A method according to an embodiment of the invention using reference centroids as provided in Table 5 correctly predicted the CDK4 modification profile of 89% of the initial 19 tumors analyzed at the Bordet Institute and 87% of the 31 samples of the confirmation cohort. The concordance rate was 84% when all 56 samples from the Bordet Institute and the University of Antwerp are considered (FIG. 8). This performance fell outside the distribution of the concordance rates obtained with 1000 random classifiers built on 11 randomly selected probe sets (FIG. 9A) or with 1000 random permutations of the patient labels of the merged cohort of 50 patients studied at the Bordet Institute (FIG. 9B). The molecular subtype of the tumors analyzed at the Bordet Institute (FIG. 8) was defined with the R GENEFU package (Gendoo et al., Genefu: an R/Bioconductor package for computation of gene expression-based signatures in breast cancer, 2015, Bioinformatics, 60).

A concordance rate of 100% was achieved when we applied the method according to an embodiment of the invention on the gene expression profiles of the 20 selected breast cancer cell lines (FIG. 10). Finally, the 11 genes of the gene expression signature also separated in three main clusters 4034 breast tumor gene expression profiles published in GEO or ArrayExpress (not shown).

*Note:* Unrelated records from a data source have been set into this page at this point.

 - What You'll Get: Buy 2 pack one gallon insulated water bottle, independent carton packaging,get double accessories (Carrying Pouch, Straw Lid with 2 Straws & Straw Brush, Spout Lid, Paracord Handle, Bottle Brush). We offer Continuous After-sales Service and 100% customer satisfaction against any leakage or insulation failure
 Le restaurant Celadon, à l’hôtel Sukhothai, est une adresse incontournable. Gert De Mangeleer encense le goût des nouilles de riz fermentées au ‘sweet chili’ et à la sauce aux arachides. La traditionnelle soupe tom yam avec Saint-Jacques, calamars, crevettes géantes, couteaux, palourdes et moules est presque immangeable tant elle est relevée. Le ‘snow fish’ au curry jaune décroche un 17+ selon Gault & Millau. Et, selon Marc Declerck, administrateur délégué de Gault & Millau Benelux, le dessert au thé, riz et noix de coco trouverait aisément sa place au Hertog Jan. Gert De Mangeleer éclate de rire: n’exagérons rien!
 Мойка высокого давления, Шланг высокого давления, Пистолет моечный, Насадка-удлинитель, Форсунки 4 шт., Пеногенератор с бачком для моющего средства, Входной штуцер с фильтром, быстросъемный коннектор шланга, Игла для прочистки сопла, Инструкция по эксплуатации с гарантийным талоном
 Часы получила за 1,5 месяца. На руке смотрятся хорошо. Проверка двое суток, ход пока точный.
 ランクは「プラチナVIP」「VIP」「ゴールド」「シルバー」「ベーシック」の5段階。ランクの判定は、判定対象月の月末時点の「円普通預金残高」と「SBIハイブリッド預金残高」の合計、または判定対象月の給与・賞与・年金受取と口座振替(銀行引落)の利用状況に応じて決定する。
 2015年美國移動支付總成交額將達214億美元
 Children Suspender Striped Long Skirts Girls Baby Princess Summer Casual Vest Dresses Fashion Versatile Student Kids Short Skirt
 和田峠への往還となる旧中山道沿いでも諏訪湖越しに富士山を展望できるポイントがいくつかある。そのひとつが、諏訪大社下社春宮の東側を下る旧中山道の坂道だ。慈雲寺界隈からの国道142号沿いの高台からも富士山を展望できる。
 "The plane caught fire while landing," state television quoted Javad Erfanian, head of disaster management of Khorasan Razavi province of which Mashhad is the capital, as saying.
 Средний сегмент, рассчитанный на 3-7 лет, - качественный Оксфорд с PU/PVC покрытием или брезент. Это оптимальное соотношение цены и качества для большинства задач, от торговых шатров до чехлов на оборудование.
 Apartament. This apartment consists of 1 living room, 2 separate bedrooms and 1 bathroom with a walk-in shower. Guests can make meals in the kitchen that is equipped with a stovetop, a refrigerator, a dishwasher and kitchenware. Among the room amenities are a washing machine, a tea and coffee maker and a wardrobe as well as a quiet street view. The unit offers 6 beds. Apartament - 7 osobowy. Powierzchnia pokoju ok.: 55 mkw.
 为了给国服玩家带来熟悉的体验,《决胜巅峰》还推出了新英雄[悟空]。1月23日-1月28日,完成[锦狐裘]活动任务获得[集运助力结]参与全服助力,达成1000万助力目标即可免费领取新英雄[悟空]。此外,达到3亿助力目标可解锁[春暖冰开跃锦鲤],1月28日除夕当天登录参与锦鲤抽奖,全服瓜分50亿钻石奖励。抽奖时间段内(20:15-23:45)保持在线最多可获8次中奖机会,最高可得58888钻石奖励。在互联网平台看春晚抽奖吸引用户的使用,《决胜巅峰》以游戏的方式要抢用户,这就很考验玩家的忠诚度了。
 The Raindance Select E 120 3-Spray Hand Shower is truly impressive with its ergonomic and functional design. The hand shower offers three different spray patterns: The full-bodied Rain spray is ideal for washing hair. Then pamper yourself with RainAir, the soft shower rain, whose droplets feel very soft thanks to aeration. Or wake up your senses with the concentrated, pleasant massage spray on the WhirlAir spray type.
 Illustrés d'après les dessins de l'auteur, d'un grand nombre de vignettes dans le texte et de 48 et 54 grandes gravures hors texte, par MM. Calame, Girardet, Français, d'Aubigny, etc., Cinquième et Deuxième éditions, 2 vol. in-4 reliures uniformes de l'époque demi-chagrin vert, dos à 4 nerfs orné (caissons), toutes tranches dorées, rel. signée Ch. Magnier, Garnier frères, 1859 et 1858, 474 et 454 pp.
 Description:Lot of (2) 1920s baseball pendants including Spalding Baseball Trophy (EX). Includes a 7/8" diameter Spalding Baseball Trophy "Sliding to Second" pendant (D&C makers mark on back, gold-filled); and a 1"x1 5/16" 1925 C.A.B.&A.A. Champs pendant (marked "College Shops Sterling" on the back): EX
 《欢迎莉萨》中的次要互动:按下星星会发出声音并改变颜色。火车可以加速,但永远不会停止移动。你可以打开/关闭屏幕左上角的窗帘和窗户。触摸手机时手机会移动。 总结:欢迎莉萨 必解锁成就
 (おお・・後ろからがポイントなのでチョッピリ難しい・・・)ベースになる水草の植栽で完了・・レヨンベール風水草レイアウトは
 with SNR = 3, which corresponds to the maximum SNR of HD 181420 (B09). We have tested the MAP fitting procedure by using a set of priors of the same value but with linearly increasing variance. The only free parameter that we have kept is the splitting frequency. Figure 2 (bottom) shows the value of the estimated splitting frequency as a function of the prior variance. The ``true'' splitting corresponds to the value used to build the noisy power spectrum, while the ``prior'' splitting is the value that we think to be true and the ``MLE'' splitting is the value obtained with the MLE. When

Example 4: Clinical Relevance and Utility of a Method According to an Embodiment of the Present Invention for Determining the Sensitivity to a CDK 4/6 Inhibitor

The distribution of the CDK4 modification profiles observed with the tumors analyzed at the Bordet Institute varied according to their molecular subtypes as defined with the PAM50 references of the R GENEFU package (Gendoo et al., Genefu: an R/Bioconductor package for computation of gene expression-based signatures in breast cancer, 2015, Bioinformatics, 60) (FIGS. 10 and 11A). A similar variation was noted when the CDK4 modification profile was predicted using a method according to an embodiment of the present invention (11 genes and corresponding reference centroids as provided in Example 3) in the 56 tumors analyzed at the Bordet Institute (FIG. 11B) or in the 4034 published breast tumor gene expression profiles (FIG. 11C).

Between 50% to 70% of the basal-like tumors were predicted to have the first profile (CDK4 profile 1) wherein phosphorylated CDK4 is undetectable in the tumors analyzed in this study or in the 4034 tumors with published gene expression profiles, respectively (FIG. 11B and FIG. 11C). The proportion of the tumors predicted to display the first profile, linked to unresponsiveness to CDK4/6 inhibitors such as palbociclib, reached about 20% in the HER2+ tumors of both cohorts while it ranged around 5% in Luminal B tumors from both cohorts (FIG. 11B and FIG. 11C).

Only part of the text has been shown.